Lo sto facendo sentire a tutti ... Nani mania hahahaha


----------



## mandraghe (16 Aprile 2015)

E' talmente brutta e trash da risultare affascinante...

"Li aveeeeeeeeeeeete viiiiiiiiiiisti?, li aveeeeeeeeete viiiiiiiisti? sulle rive del fiume?" 

Un verso talmente complesso da risultare inspiegabile!


----------



## Mille e una notte (16 Aprile 2015)

mandraghe ha scritto:


> E' talmente brutta e trash da risultare affascinante...
> 
> "Li aveeeeeeeeeeeete viiiiiiiiiiisti?, li aveeeeeeeeete viiiiiiiisti? sulle rive del fiume?"
> 
> Un verso talmente complesso da risultare inspiegabile!


è una di quelle cose che ti aprono la mente.

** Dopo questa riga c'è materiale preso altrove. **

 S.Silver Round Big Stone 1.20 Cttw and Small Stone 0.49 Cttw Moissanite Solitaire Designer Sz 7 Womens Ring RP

Cioè un testo del genere non lo puoi pensare. Ha paura dei nani e ci ha scritto sopra una canzone. 
Li avete visti? sulle rive del fiume? (cit.)
Lo sbigottimento fa spazio all'ammirazione.


----------



## mr.wolf (16 Aprile 2015)

il testo è da brividi


----------



## Super_Lollo (16 Aprile 2015)

mandraghe ha scritto:


> E' talmente brutta e trash da risultare affascinante...
> 
> "Li aveeeeeeeeeeeete viiiiiiiiiiisti?, li aveeeeeeeeete viiiiiiiisti? sulle rive del fiume?"
> 
> Un verso talmente complesso da risultare inspiegabile!

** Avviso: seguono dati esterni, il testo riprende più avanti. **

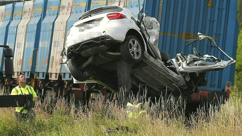 Impactul a fost inevitabil, autoturismul a fost târât peste o sută de metri pe calea ferată, iar cei doi tineri au murit pe loc.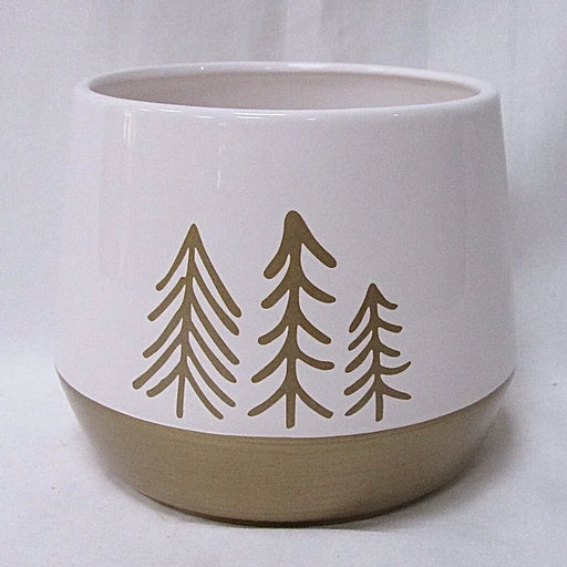 Ceramic Reindeer with trees with no drainage hole. medium 4.7D X 4.3"H. Fits a 4” Nursery Pot.  large 6.7"DX5.5"H  Fits a 6" Nursery Pot.

Esatto , fa taente schifo da risultare bella  ... L ho fatta ascoltare a mia madre ( cantante ) non vi dico il commento Hahaha.


----------



## admin (16 Aprile 2015)

Ma poi... perchè i nani sulle rive del fiume?!? Ahahahha


----------



## Now i'm here (16 Aprile 2015)

Admin ha scritto:


> Ma poi... perchè i nani sulle rive del fiume?!? Ahahahha



boh, forse perché secondo la leggenda Richard tentò il suicidio buttandosi nel Tevere, e il Tevere lo rifiutò. 

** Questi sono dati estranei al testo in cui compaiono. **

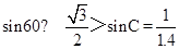 光垂直于AB面射入时,光的传播方向不变,射到斜边时,入射角为60°,则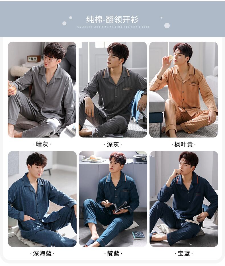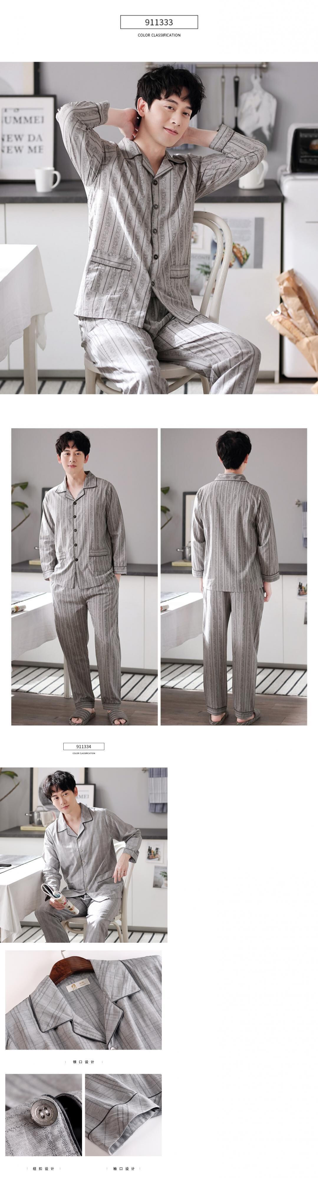 綿ガーゼパジャマメンズ春夏夏綿長袖ホームサービス春秋薄綿スーツ jial59637405209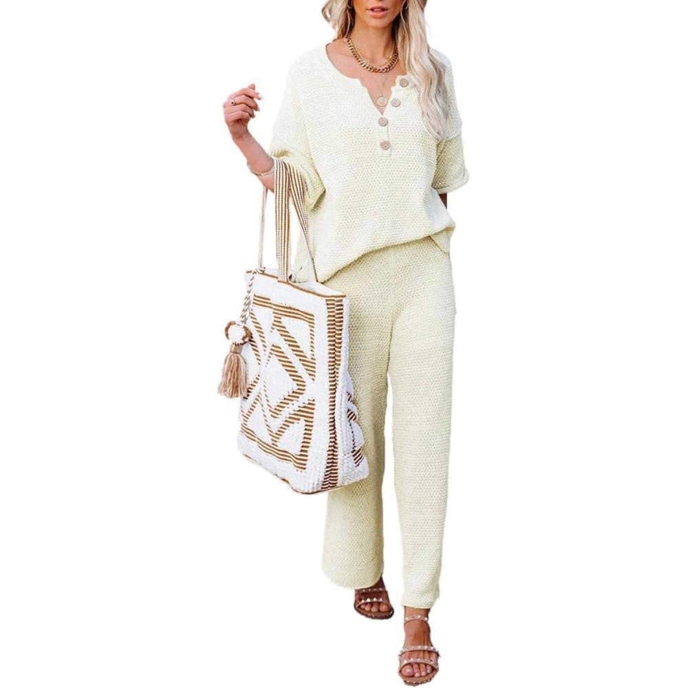 Women's 2 piece outfits sweatsuit knit short sleeve sweater wide leg pants loungewear must in your wardrobe.

cmq pezzo trashissimo, benson ormai è questo, zampaglione invece pensavo avesse mantenuto un barlume di senno, invece no.


----------



## admin (17 Aprile 2015)

Now i'm here ha scritto:


> boh, forse perché secondo la leggenda Richard tentò il suicidio buttandosi nel Tevere, e il Tevere lo rifiutò.
> 
> cmq pezzo trashissimo, benson ormai è questo, zampaglione invece pensavo avesse mantenuto un barlume di senno, invece no.




Ahahahha si, è vero. Potrebbe essere!

A caccia di nani con il bastone infernale


----------



## mr.wolf (17 Aprile 2015)

certo che con Musica e Concerti non c'entra una mazza,sposterei il topic nella sezione Ufo, Alieni, Misteri e strane creature


----------



## Oronzo Cana (19 Aprile 2015)

il live in coppia con quella che dovrebbe essere la moglie è fantastico


----------